• COLLECTED DATA:
==================================================
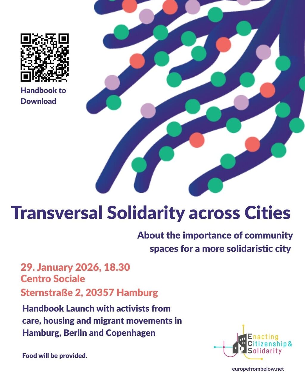 We are celebrating the launch of the Handbook of Transversal Solidarity, created through an international collaboration of researchers and activists in Copenhagen, Hamburg, Berlin, Palermo, Ljubljana, Bern and beyond. The handbook highlights how community spaces can support solidarity and self-organisation across borders and cities.
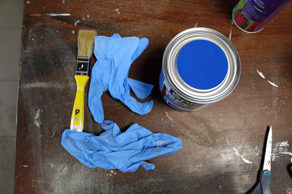 Do wykonania fotobudki wystarczyła jedna warstwa emalii akrylowej Supermal Śnieżka, aby uzyskać tak intensywny kolor, A430 niebieski, (wow!), a na farbę położyliśmy
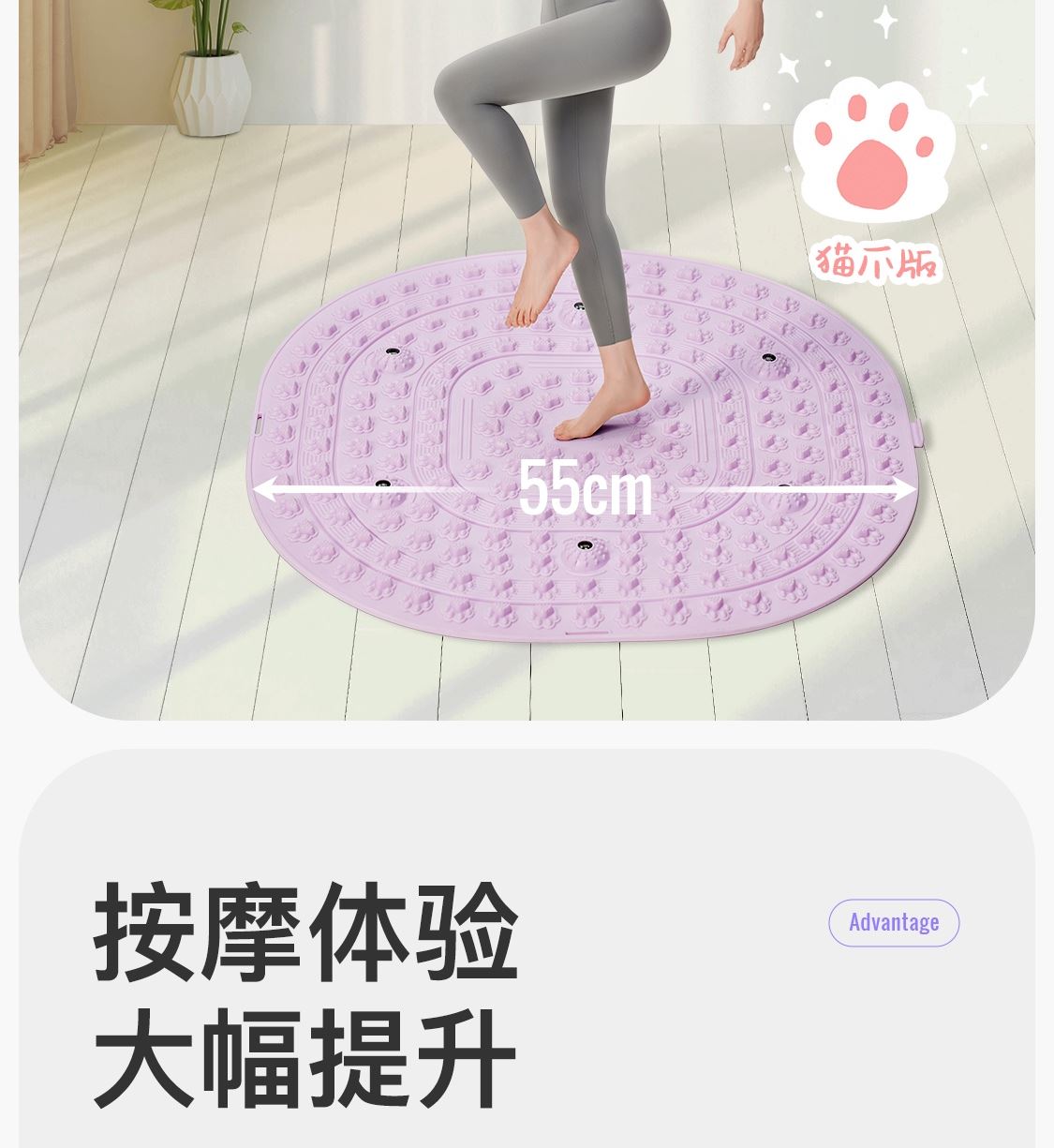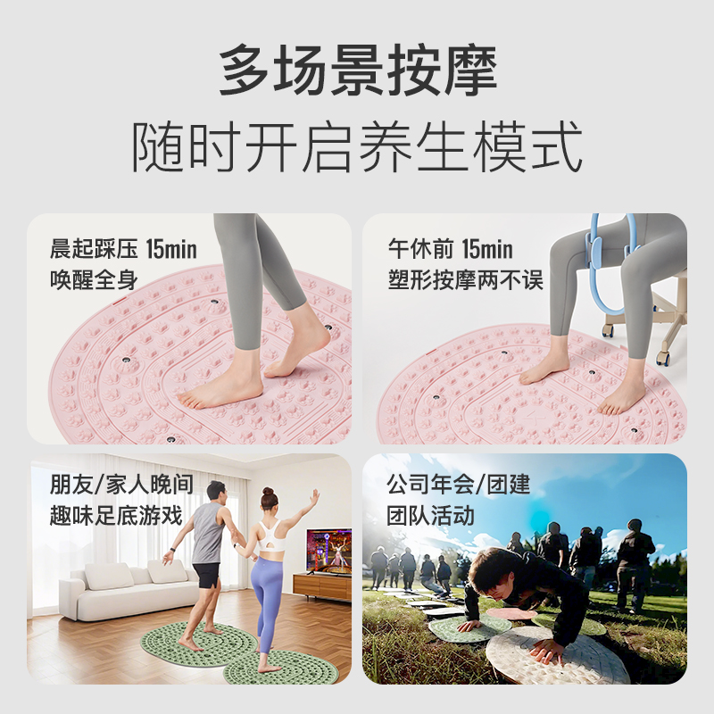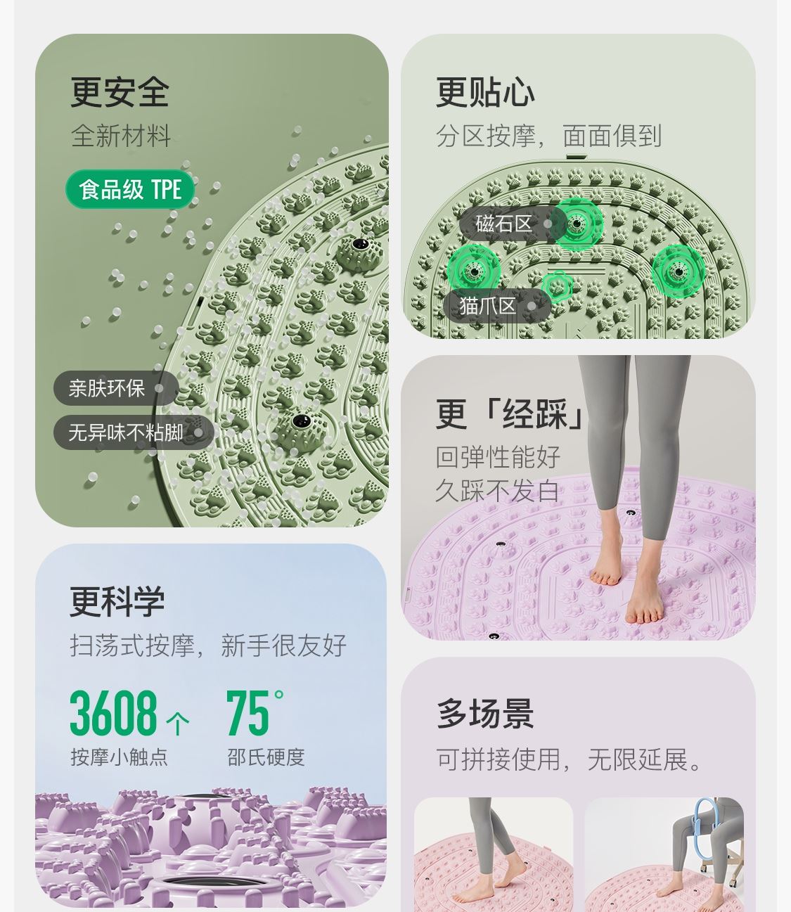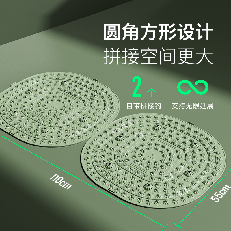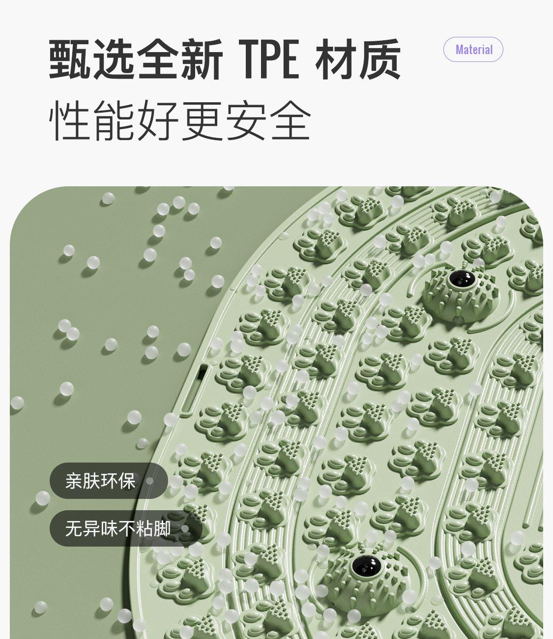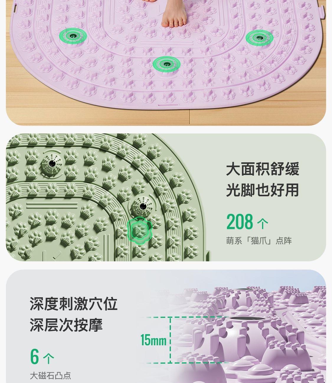 尺寸:55*55cm 顏色:綠色,粉色,紫色,灰色: 材質(zhì):TPE;環(huán)保無毒材質(zhì) 方形圓角加大加密設(shè)計(jì) 287個(gè)仿「貓爪」 設(shè)計(jì)雙分區(qū)多功能按摩 75°科學(xué)刺激硬度 支持無限串聯(lián)拓展 3068個(gè)加密按摩凸點(diǎn) 可做浴室防滑墊
==================================================
• WHAT YOU ARE ASKED TO DO: The data above must be given back verbatim, minus its images.

• SOLUTION BELOW:
 We are celebrating the launch of the Handbook of Transversal Solidarity, created through an international collaboration of researchers and activists in Copenhagen, Hamburg, Berlin, Palermo, Ljubljana, Bern and beyond. The handbook highlights how community spaces can support solidarity and self-organisation across borders and cities.
 Do wykonania fotobudki wystarczyła jedna warstwa emalii akrylowej Supermal Śnieżka, aby uzyskać tak intensywny kolor, A430 niebieski, (wow!), a na farbę położyliśmy
 尺寸:55*55cm 顏色:綠色,粉色,紫色,灰色: 材質(zhì):TPE;環(huán)保無毒材質(zhì) 方形圓角加大加密設(shè)計(jì) 287個(gè)仿「貓爪」 設(shè)計(jì)雙分區(qū)多功能按摩 75°科學(xué)刺激硬度 支持無限串聯(lián)拓展 3068個(gè)加密按摩凸點(diǎn) 可做浴室防滑墊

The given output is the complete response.